• **Work request**
Everything from the line holding "- Poker Chip" through the last line of the records should be repeated word for word, and pictures should be omitted.
Extracted entries below:
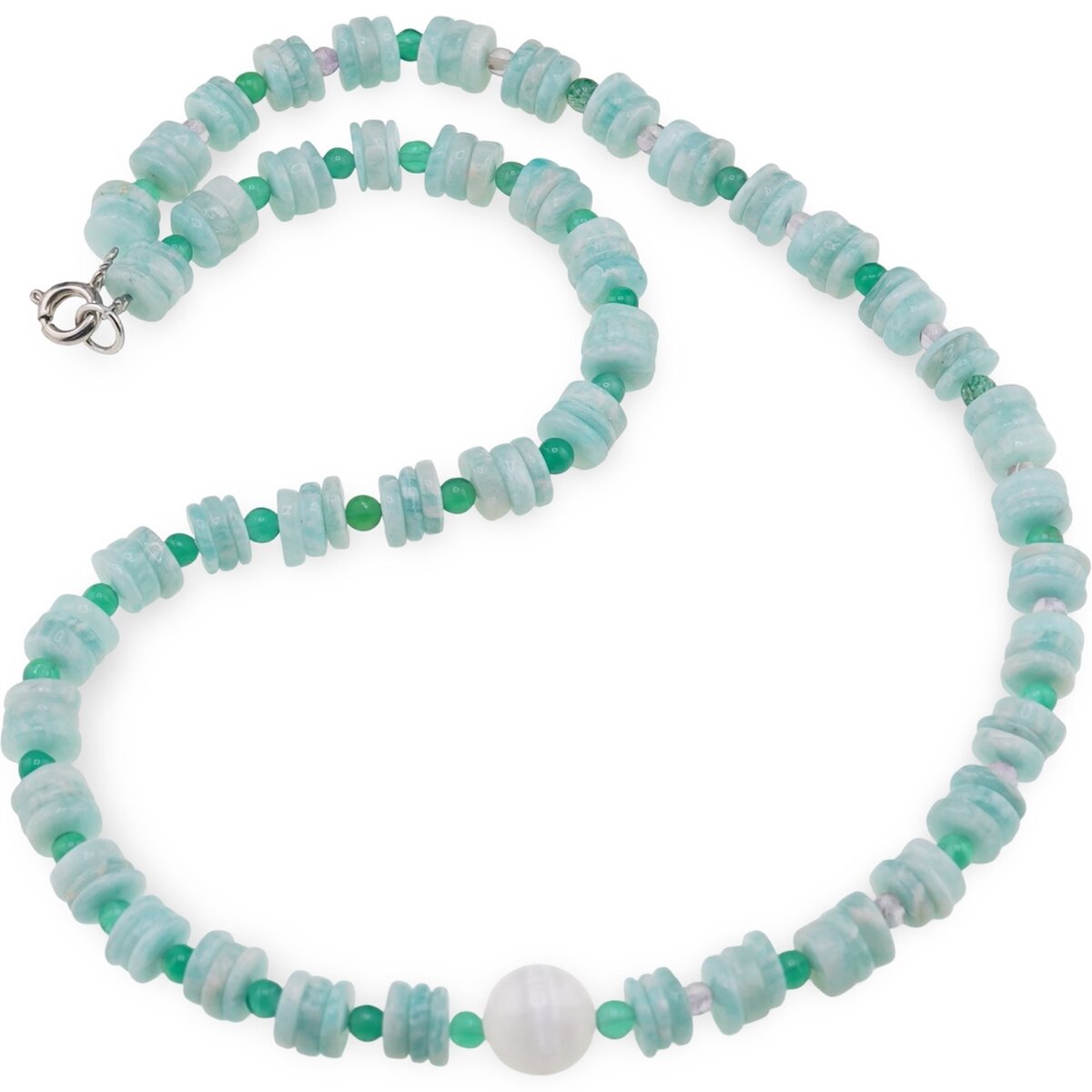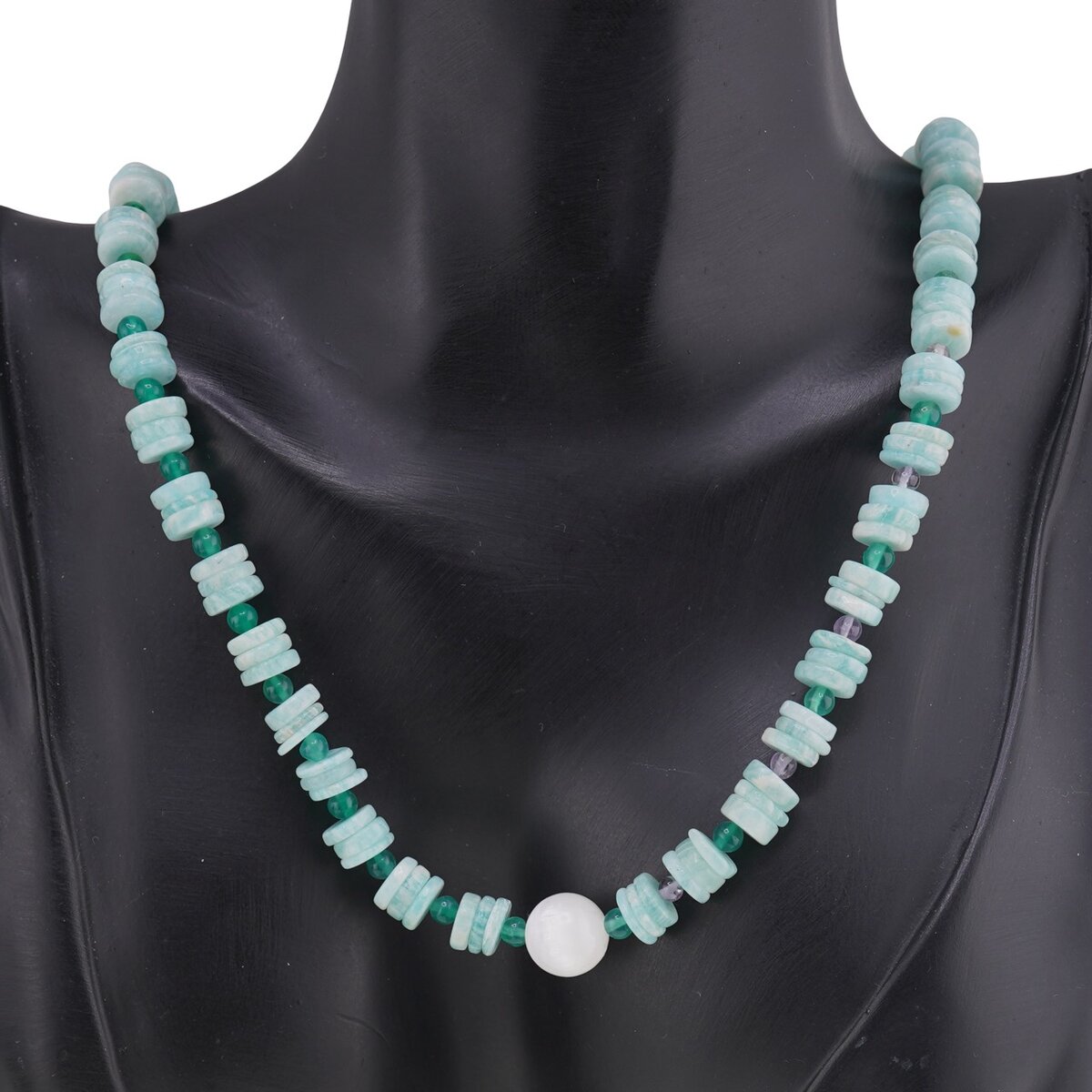 Acest colier din cristale naturale îmbină, într-un mod armonios, nuanțe de alb, albastru și mov, puse în valoare de accente de verde intens. Rondelele de amazonit de 7 mm se împletesc cu sferele fine de ametist și onix verde de 3 mm, iar în centru strălucește o sferă de selenit de 10 mm, care atrage privirea și susține energia întregului colier.
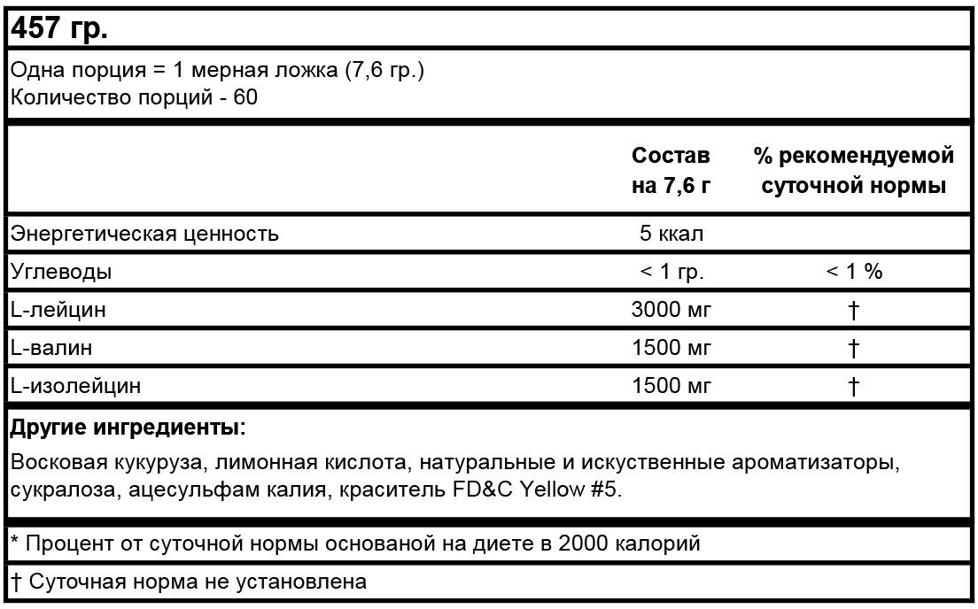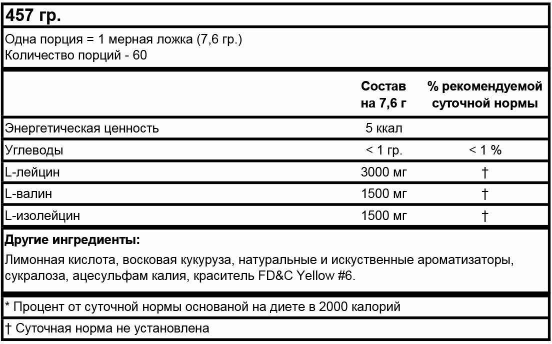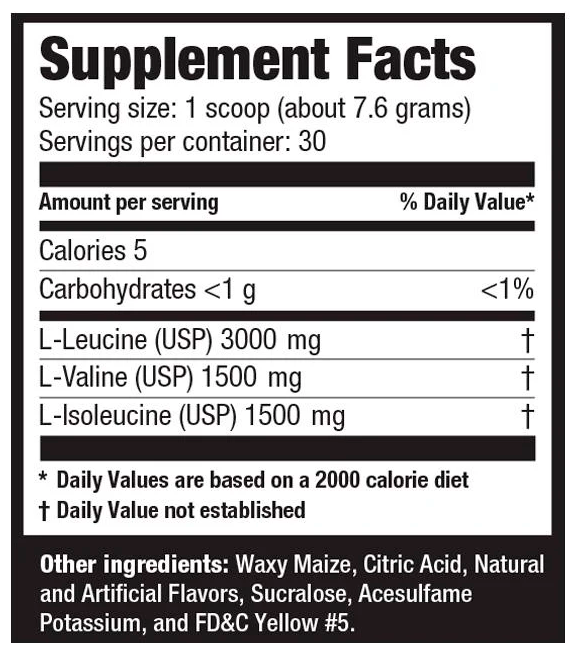 Type: BCAA, Amino Acid Complex, Liquid Amino Acids, Presentation Form: Powder, Main Ingredient: Valine, Isoleucine, Leucine, Dietary Considerations: No Aspartame
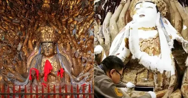 800年千手觀音像出現「破損」!工人修復時意外觸發機關 打開後「發現驚天秘密」在場人都沸騰
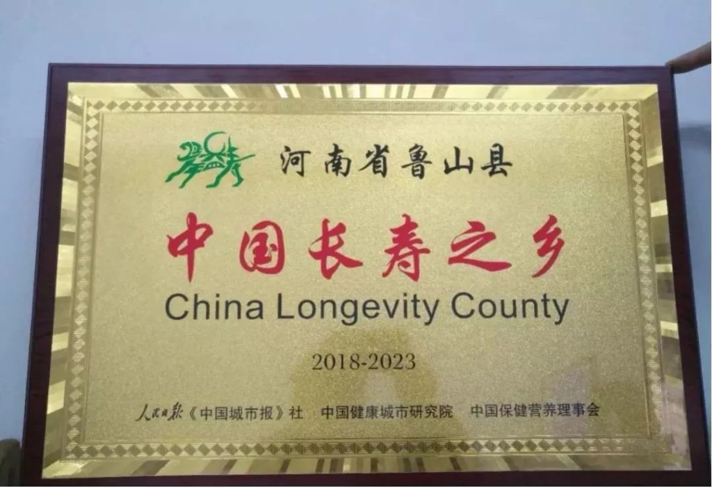 2018年12月28日,人民日报《中国城市报》社、中国保健营养理事会、中国健康城市研究院联合授予鲁山县 “中国长寿之乡”称号。
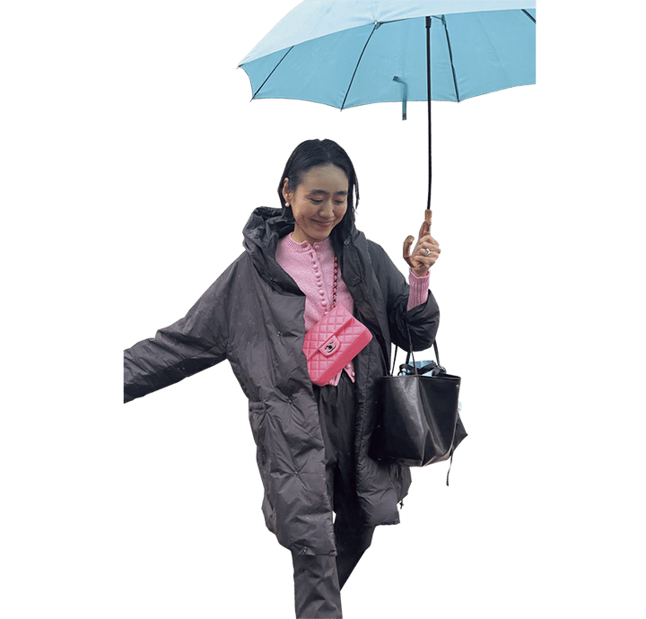 バッグもなんやかんや黒という金子さんが選んだ意外性たっぷりのピンクのシャネルバッグ。「チェーンやマークが全部黒だから、黒ベースな服に絶妙にマッチするんですよ」。なるほど、ちゃんと自分のスタイルに合うポイントが計算されている!
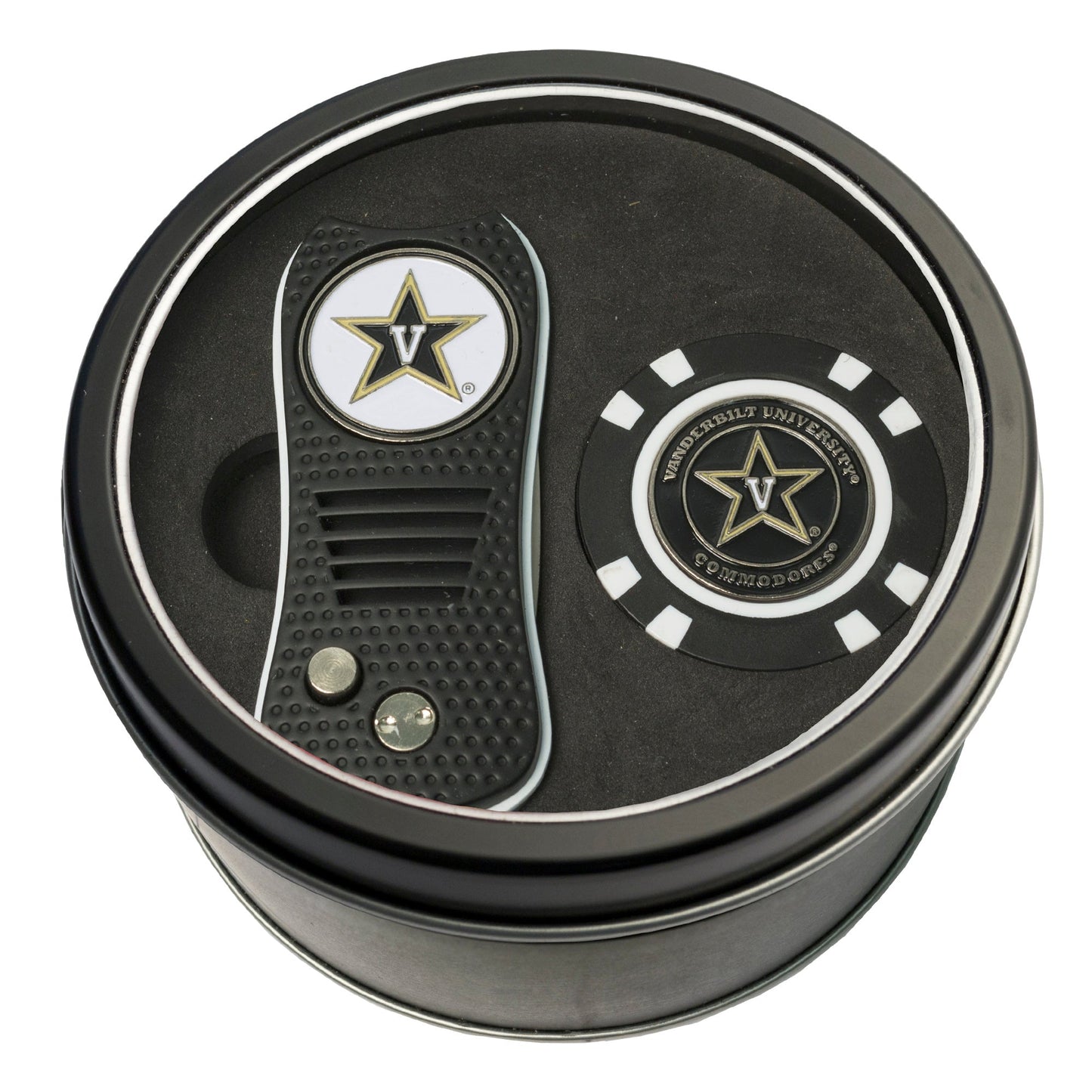 - Poker Chip Tin includes switchblade style retractable divot tool with double-sided magnetic ball marker, 1 double sided team poker chip
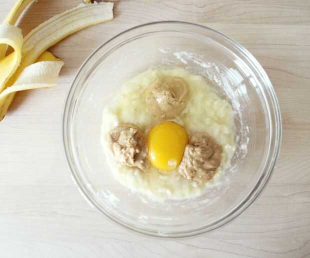 Añadir la mantequilla de cacahuete y huevo. Revuelva con un tenedor o cuchara hasta mezclar completamente.
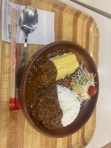 近くにびっくりドンキーがなくて、イオン内にあるのは知っていたので、初めてこちらでいただきました。 普通の店舗で食べるほどのメニュー数はなく、ディッシュのものしかないですが、サラダが2倍にできたり、ライスの量を減らしたり増やしたりでき、トッピングもいくつかなのでしょうけれどありました。ハンバーグはワンサイズのみですが、プラス310円で追加できます。実はパインの乗っているハンバーグを食べてみたかったのですが、それはなくて少し残念でした。 早めの時間だったのでフードコートの席は空いていましたが、窓際席を選び夫と隣同士で食べました。外の風景を見ながらの食事は良かったです。 私はサラダ2倍、ライスは少なめにしました。結構ボリュームがありました。レギュラーバーグディッシュのソースの味が大好きです。夫は唐揚げとカレーのハンバーグにしていましたが、からあげはサクサクっとしていてジューシー...
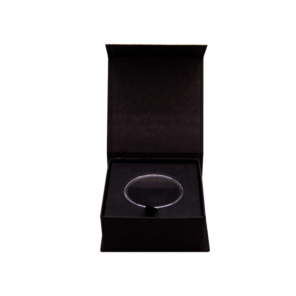 Exhibidor tipo joyero con cápsula de 46mm y arillo de foami ajustable.$89°°
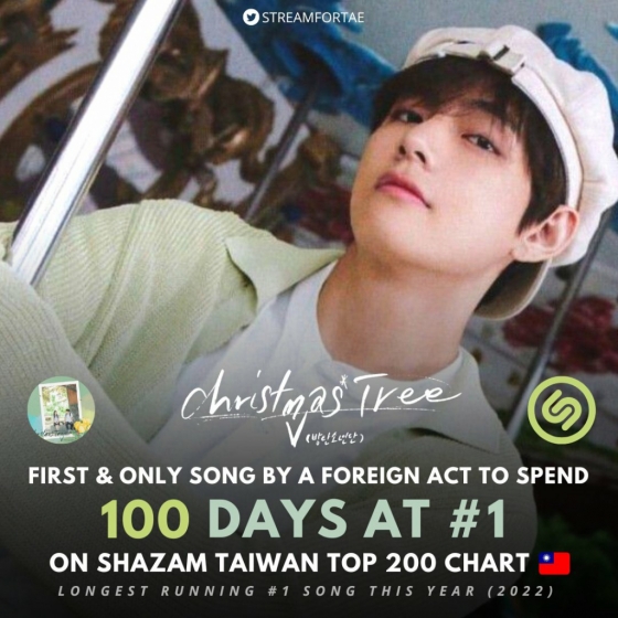 방탄소년단 뷔의 'Christmas Tree'가 샤잠 (Shazam) 대만에서 신기록을 세우며 막강 음원 파워를 자랑했다.
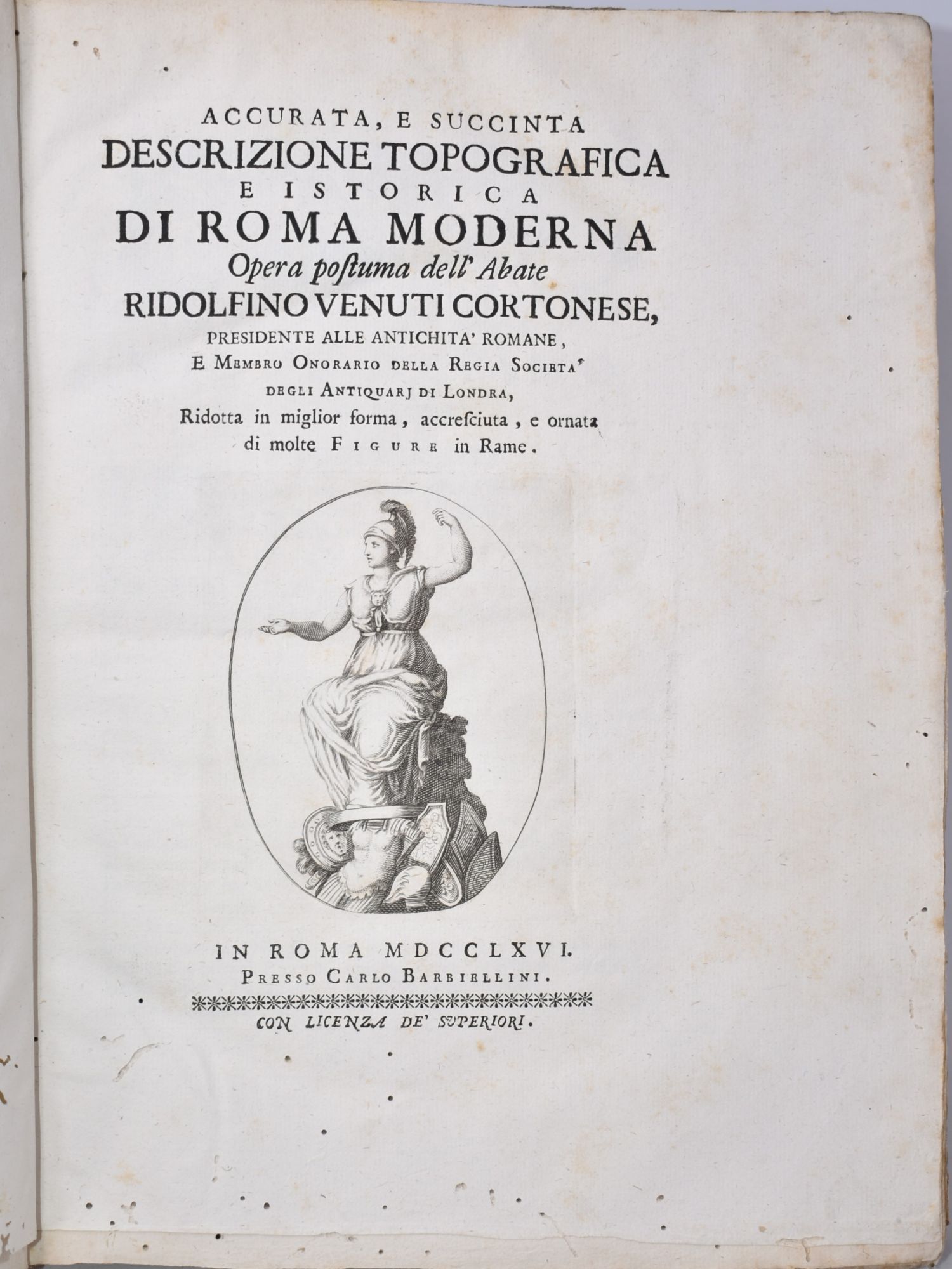Venuti, Ridolfino ACCURATA, E SUCCINTA DESCRIZIONE TOPOGRAFICA E ISTORICA DI ROMA MODERNA. OPERA POSTUMA DELL'ABATE RIDOLFINO VENUTI CORTONESE, ... RIDOTTA IN MIGLIOR FORMA , ACCRESCIUTA , E ORNATA DI MOLTE FIGURE IN RAME. In Roma, 1766, presso Carlo Barbiellini.
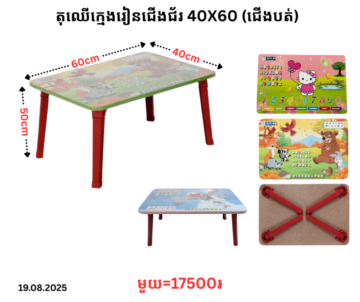 តុឈើក្មេងរៀនជើងជ័រ QP 40×60 (ជើងបត់)
End of Extracted entries.
• **Answer for the task**
 - Poker Chip Tin includes switchblade style retractable divot tool with double-sided magnetic ball marker, 1 double sided team poker chip
 Añadir la mantequilla de cacahuete y huevo. Revuelva con un tenedor o cuchara hasta mezclar completamente.
 近くにびっくりドンキーがなくて、イオン内にあるのは知っていたので、初めてこちらでいただきました。 普通の店舗で食べるほどのメニュー数はなく、ディッシュのものしかないですが、サラダが2倍にできたり、ライスの量を減らしたり増やしたりでき、トッピングもいくつかなのでしょうけれどありました。ハンバーグはワンサイズのみですが、プラス310円で追加できます。実はパインの乗っているハンバーグを食べてみたかったのですが、それはなくて少し残念でした。 早めの時間だったのでフードコートの席は空いていましたが、窓際席を選び夫と隣同士で食べました。外の風景を見ながらの食事は良かったです。 私はサラダ2倍、ライスは少なめにしました。結構ボリュームがありました。レギュラーバーグディッシュのソースの味が大好きです。夫は唐揚げとカレーのハンバーグにしていましたが、からあげはサクサクっとしていてジューシー...
 Exhibidor tipo joyero con cápsula de 46mm y arillo de foami ajustable.$89°°
 방탄소년단 뷔의 'Christmas Tree'가 샤잠 (Shazam) 대만에서 신기록을 세우며 막강 음원 파워를 자랑했다.
Venuti, Ridolfino ACCURATA, E SUCCINTA DESCRIZIONE TOPOGRAFICA E ISTORICA DI ROMA MODERNA. OPERA POSTUMA DELL'ABATE RIDOLFINO VENUTI CORTONESE, ... RIDOTTA IN MIGLIOR FORMA , ACCRESCIUTA , E ORNATA DI MOLTE FIGURE IN RAME. In Roma, 1766, presso Carlo Barbiellini.
 តុឈើក្មេងរៀនជើងជ័រ QP 40×60 (ជើងបត់)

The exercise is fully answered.